F_D(x) = 1 + 2 ∑_{k = 1}^∞ (− 1)^k exp(− 2 k² x²)

although this involves an infinite series, the series is extremely rapidly converging. Usually a few terms suffice for very high accuracy.

One-Sample Tests

The one-sample Kolmogorov-Smirnov test is based on the test statistic

D⁺_n = sup_{-∞ < x < +∞} √n [ F_n(x) − F(x) ]

for an upper-tailed test. Or on the test statistic D⁻_n defined by replacing sup with inf in the formula above for a lower-tailed test. Or on the test statistic

D_n = sup_{-∞ < x < +∞} √n | F_n(x) − F(x) |

for a two-tailed test. Usually, we want a two-tailed test.
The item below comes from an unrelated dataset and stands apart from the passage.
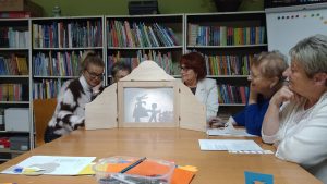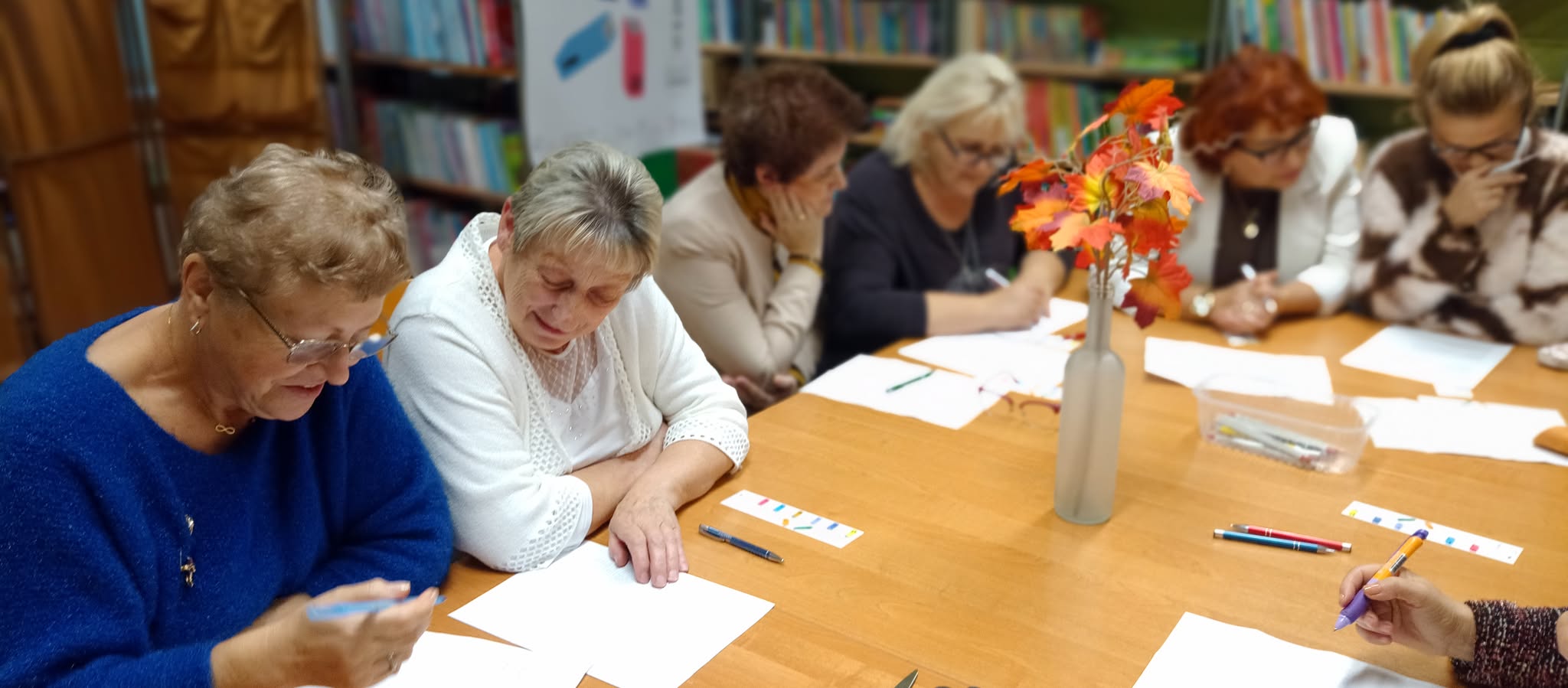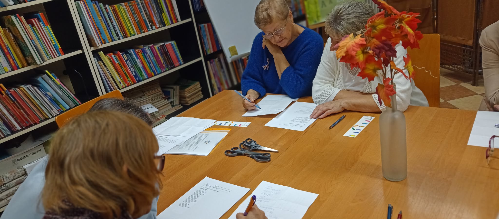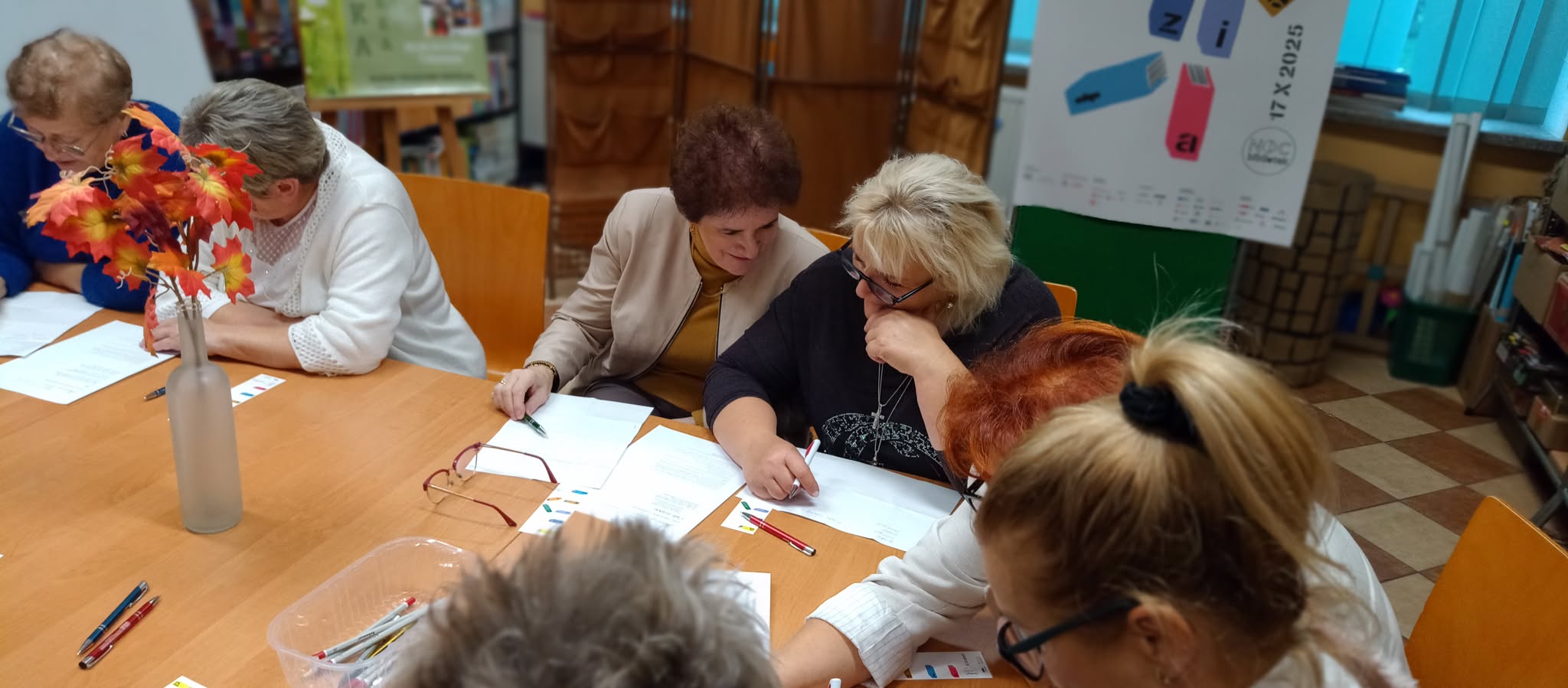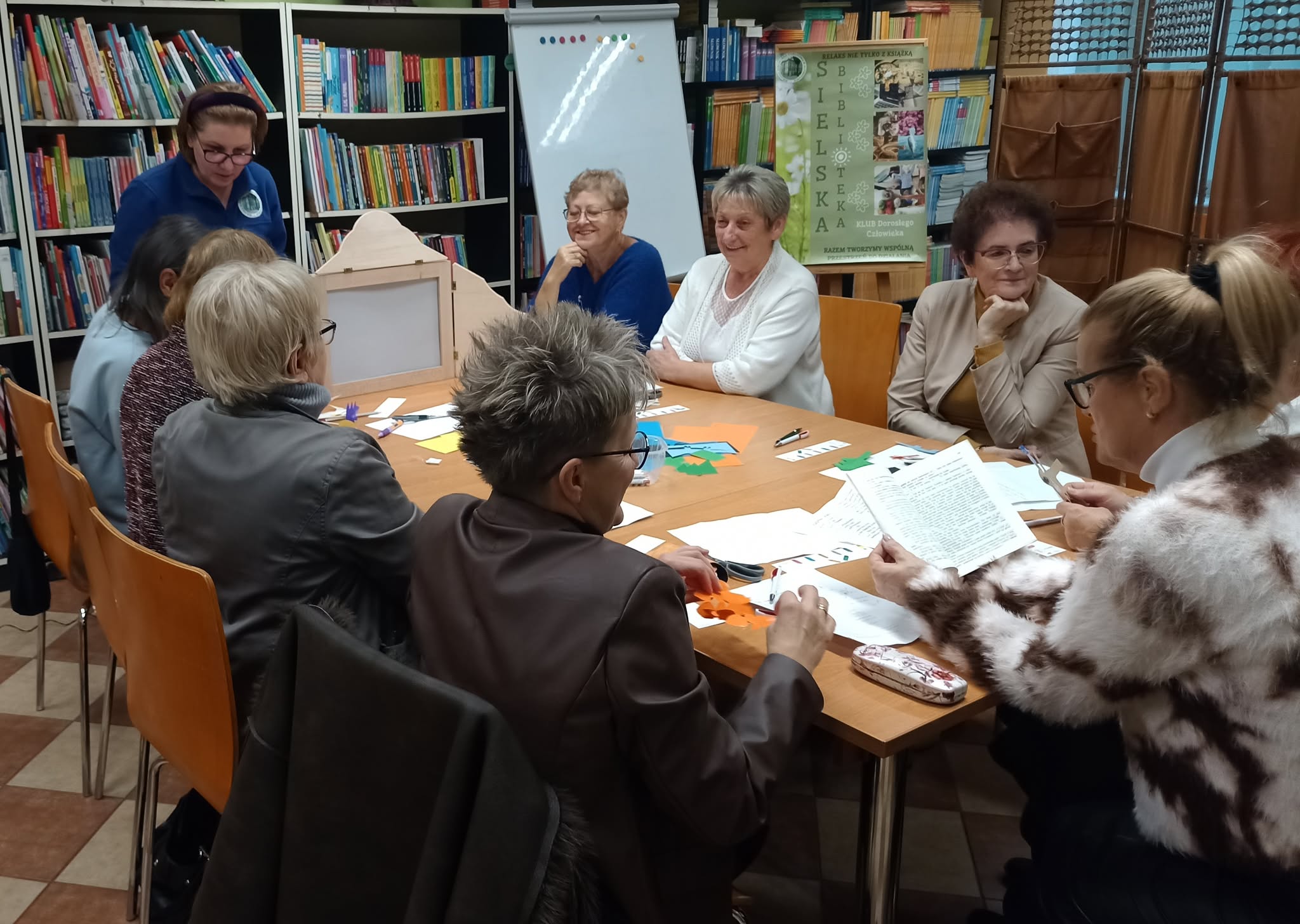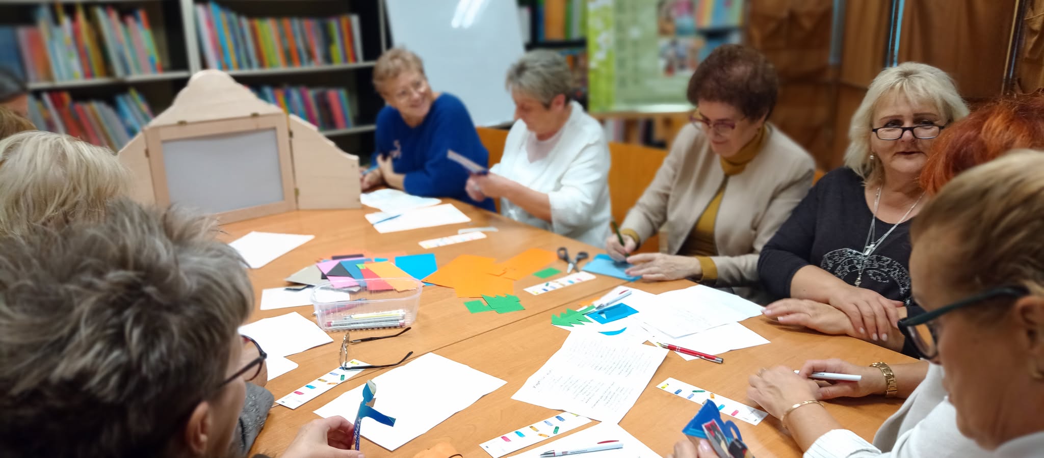 11. odsłona Nocy Bibliotek pod hasłem "Do dzieła" długo pozostanie we wspomnieniach Pań z Klubu SIELSKA BIBLIOTEKA, który działa w naszej filii w Długiem. Tego wieczora w bibliotece panowała bardzo twórcza atmosfera. Zainspirowane wierszami patronki roku Marii Pawlikowskiej-Jasnorzewskiej uczestniczki spotkania najpierw stworzyły własne wiersze, które zaprezentowały w formie obrazu wykorzystując przy tym teatrzyk cieni. Pani Maria zagrała pięknie na akordeonie, podczas wspólnego śpiewania popularnych ludowych przyśpiewek. Na koniec można było przetestować swoją kreatywność i umiejętność rysowania w kalamburach. BARDZO DZIĘKUJEMY za wspólne świętowanie tego ogólnopolskiego wydarzenia, które pokazuje, jak niezwykłe i ważne dla społeczności są biblioteki.

Because the distribution F hypothesized under the null hypothesis must be completely specified (no free parameters whatsoever). This test is fairly useless, and Hollander and Wolfe do not cover it.
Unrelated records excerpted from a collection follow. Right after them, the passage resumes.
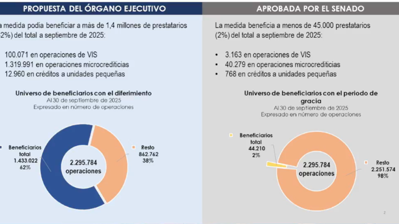 “Se habla de prestatarios en mora, que es distinta a una política de diferimiento”, señaló y precisó que “de tal manera que el número de beneficiarios que originalmente alcanzaba a 1,433.000 se reduce 44,210”.
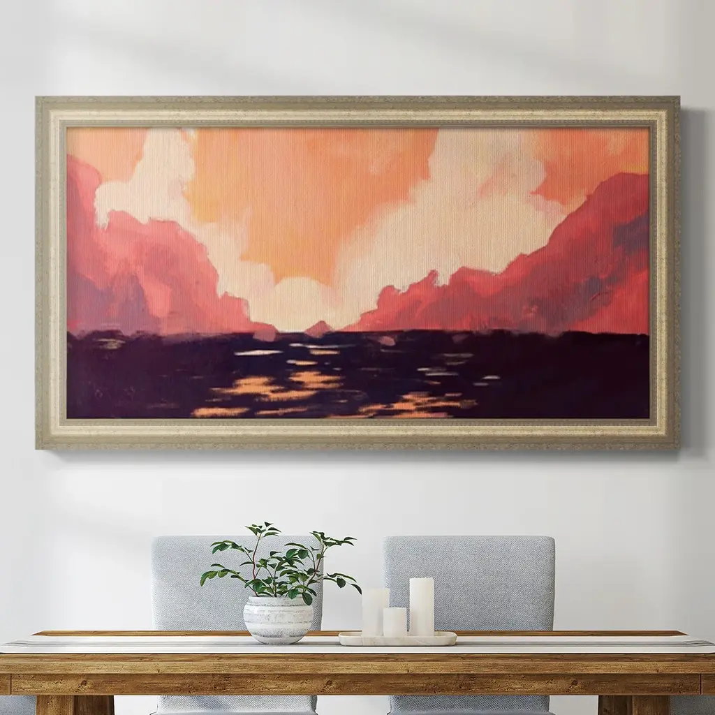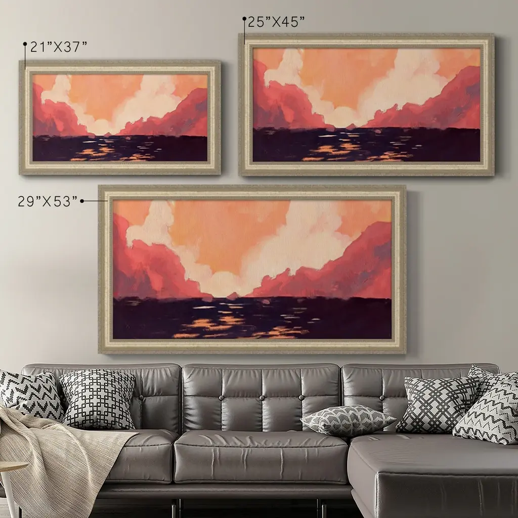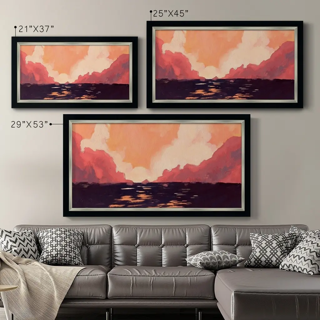 Pink Rock Coast II Premium Framed Canvas- Ready to Hang A Premium Framed Canvas created to last. Framed in distressed wood and available in an array of sizes and colors Featuring a beveled a solid wood stretcher bar, each piece comes ready to hand 3 SIZES AVAILABLE 21''X37'' - Overall Size 25''X45'' - Overall Size 29''x53'' - Overall Size Each piece is made to order. Each piece comes with hanging hardware. Made in the USA Ready to Hang Giclee Paper Print Acrylic Glass Beveled Matt Board
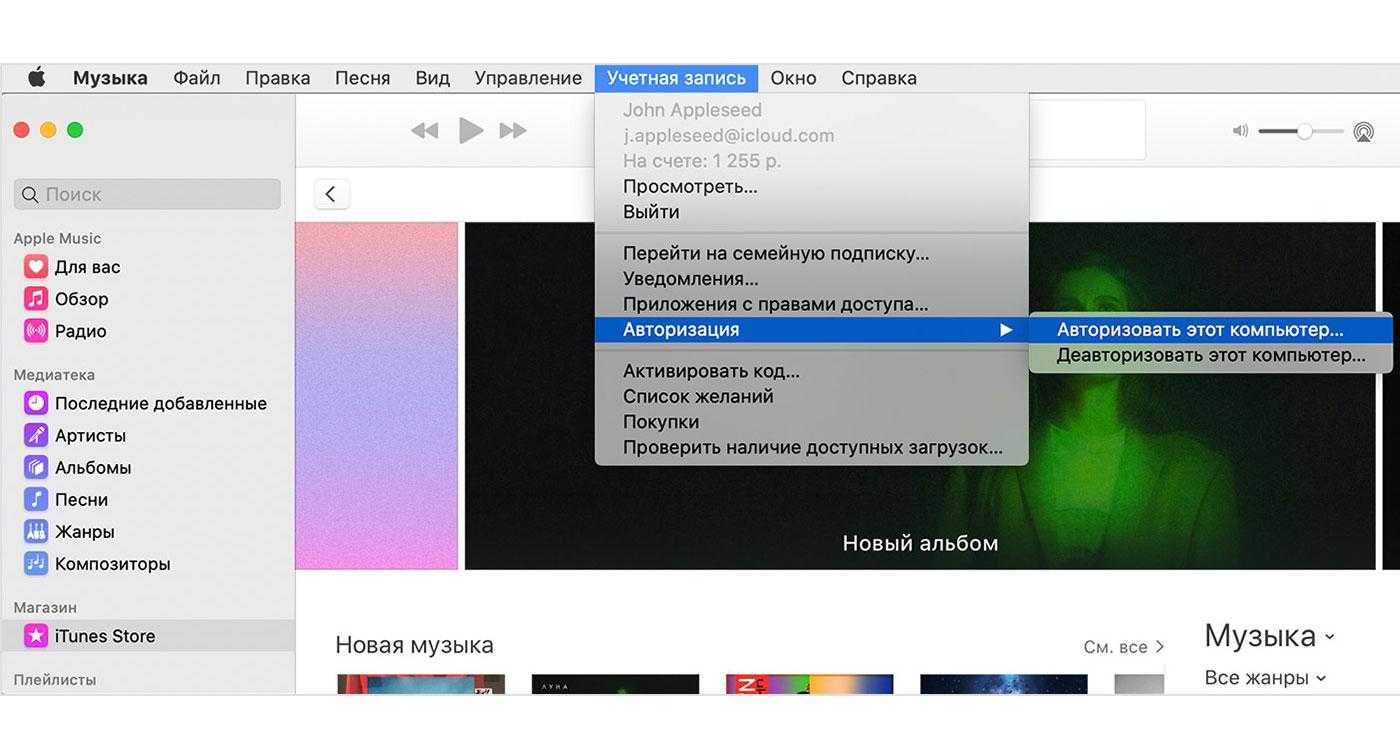 - Деавторизируйте Mac в iTunes, чтобы новый владелец вашего компьютера не получил доступ к вашей медиатеке iTunes. Откройте iTunes, на вкладке Учетная запись выберите Авторизация — Деавторизовать этот компьютер, затем нажмите Выйти. Это необходимо, чтобы на новом компьютере при входе в свою медиатеку iTunes не появилось сообщение о том, что вы исчерпали лимит в пять компьютеров. .
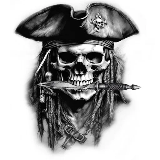 Crânio de pirata com chapéu e faixa, cercado por chamas e desenhos intricados em preto e branco.
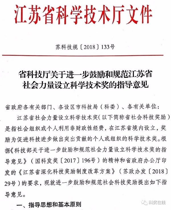 江苏省 ▎关于进一步鼓励和规范江苏省社会力量设立科
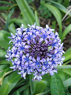 Les scilles sont des plantes bulbeuses vivaces qui forment rapidement des touffes larges et denses, à cycle de végétation hivernal. Leur feuillage commence à se développer en septembre et disparaît en juin, car les bulbes se reposent en été, comme nous. Elles sont originaires du bassin méditerranéen et résistent jusqu'à -10°C, température en desous de laquelle le feuillage disparaît et la floraison s'absente pour l'année. Même si cette température est rarement atteinte en bord de mer, il est préférable de planter en février-mars à partir de plante élévée en conteneur que vous trouverez chez les pépiniéristes spécialisés. Dénommée botaniquement Scilla peruviana, l'histoire veut qu'elle ait été débarquée par un bateau baptisé "Le Pérou". Ce qui n'en fait pas une américaine ! Côté coloris, elles se déclinent couramment en bleu-violet, mais parfois en blanc ou en bleu-clair. Plantez-les en situation abritée, au soleil ou sous un couvert d'arbres à feuilles caduques, dans une terre bien drainée argileuse ou sableuse. Une fois installées, elles ne demandent aucun soin particulier.

As we shall see when we get to the bootstrap, the test can be used with free parameters to be estimated in the null distribution, but that takes us out of Hollander and Wolfe and into Efron and Tibshirani. So we will put that off.
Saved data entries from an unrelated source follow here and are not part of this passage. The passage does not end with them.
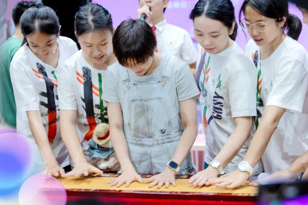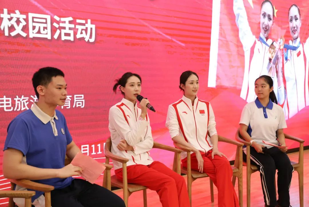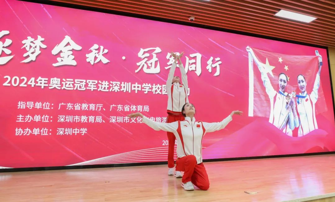 风采展示环节上,王柳懿、王芊懿重现巴黎奥运会花样游泳比赛入水前的招牌动作——豹子步,两位深中学子在现场进行学习和展示,获得奥运冠军们的高度赞扬。
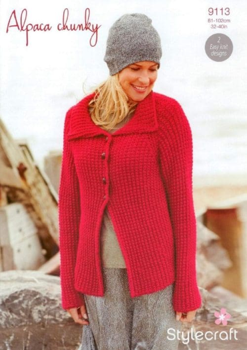 You will need for Stylecraft 9113 Adult Jacket Chunky Knitting Pattern: 1 Pair of 6mm knitting needles , stitch holder. 4 buttons for long jacket, 2 buttons for short jacket.
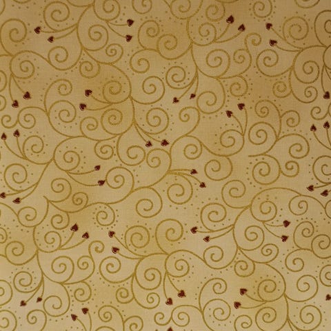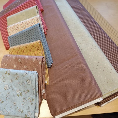 Selger en pakke med nydelige julestoffer i gyllen, rødt og sort, med gull. Ren bomull, quiltestoffer, de fleste fra Hoffmann.
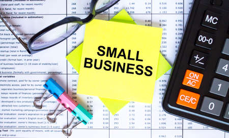 Text Small Business on yellow stickers with calculator, eyeglasses and paper clips. Business and financial concept
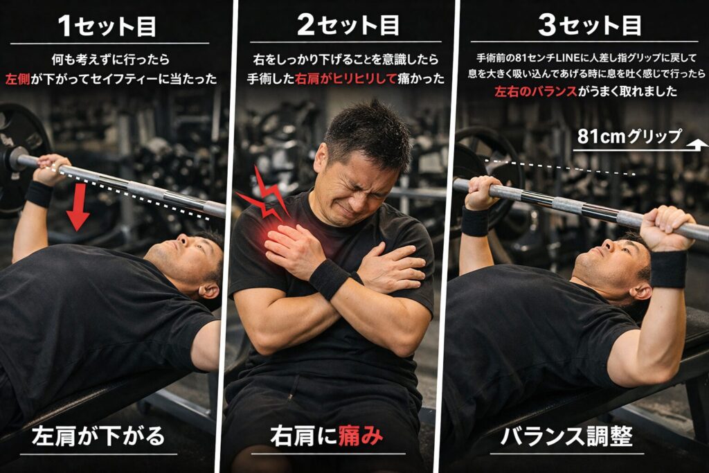 3セット目は、グリップを術前のポジションに戻しました。
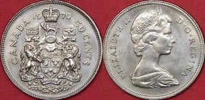 Brilliant Uncirculated 1966 Canada Silver 50 Cents From Mint's Roll
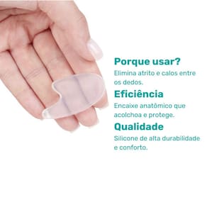 protetor ortopédico separador de dedos, separador de dedos siligel, protetor interdigital silicone, eliminador de atrito entre dedos, protetor para calos e calosidades, separador ortopédico de dedos, protetor de dedos sobrepostos.
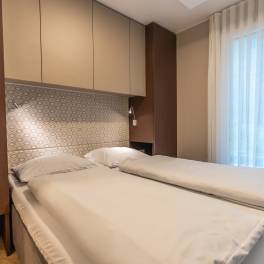 Qua interieur is de voornaamste blikvanger de master bedroom die niet alleen ruim is, maar ook verrijkt is met twee kasten naast elke zijde van het tweepersoonsbed. Hangkasten, een spiegel en haakjes om de jas op te hangen vergroten het comfort nog meer. Een schuifdeur verschaft bovendien rechtstreeks toegang tot het terras. De tweede slaapkamer bestaat uit twee eenpersoonsbedden met daartussen een nachtkastje. Een kledingkast, hangkasten en kledinghaakjes kleuren deze ruimte verder in.

For now we just do a toy example using the R function ks.test ( on-line help).

As can be seen by trying out the example, the test is not very powerful even for large sample sizes if the distributions are not too different. Try different sample sizes and degrees of freedom for the t.

The Corresponding Confidence Interval

As we said, one-sample Kolmogorov-Smirnov tests are fairly useless from an applied point of view (however theoretically important). But the dual confidence interval is of use. It gives a confidence band for the whole distribution function (Section 11.5 in Hollander and Wolfe).

The programmer who wrote the ks.test function for R didn't bother with the confidence interval. So we are on our own again. We (like Hollander and Wolfe) will only do the two-sided interval. The one-sided is similar. Just use the distribution of D⁺ instead of the distribution of D.

Example 11.6 in Hollander and Wolfe.

Comments.

The step function is the empirical distribution function.
The dashed lines on either side mark a 95% confidence band for the true population distribution function. (The probability that the true population distribution function lies entirely within the confidence band gets closer and closer to 0.95 as the sample size goes to infinity.)
The first half of the code (above the blank line) could be replaced by
```
crit.val <- 1.358099
```
if there was no interest in confidence levels other than 95%.

The Corresponding Point Estimate

Procedures always come in threes: a hypothesis test, the dual confidence interval, and the corresponding point estimate. What is the point estimator here?

Two-Sample Tests

The difference of two independent Brownian bridges is a rescaled Brownian bridge (vertical axis expanded by √2). The obvious statistic for comparing two empirical distribution functions F_m and G_n which is

sup_{-∞ < x < +∞} | F_m(x) − G_n(x) |

has an asymptotic distribution that is a Brownian bridge with the vertical axis expanded by (1 / m + 1 / n)^{1 / 2} because F_m has variance proportional to 1 / m and G_n has variance proportional to 1 / n.

Thus

(1 / m + 1 / n)^{− 1 / 2} sup_{-∞ < x < +∞} | F_m(x) − G_n(x) |

has the standard Brownian bridge for its asymptotic distribution.

But we don't actually need to know this ourselves. It is buried in the code for ks.test.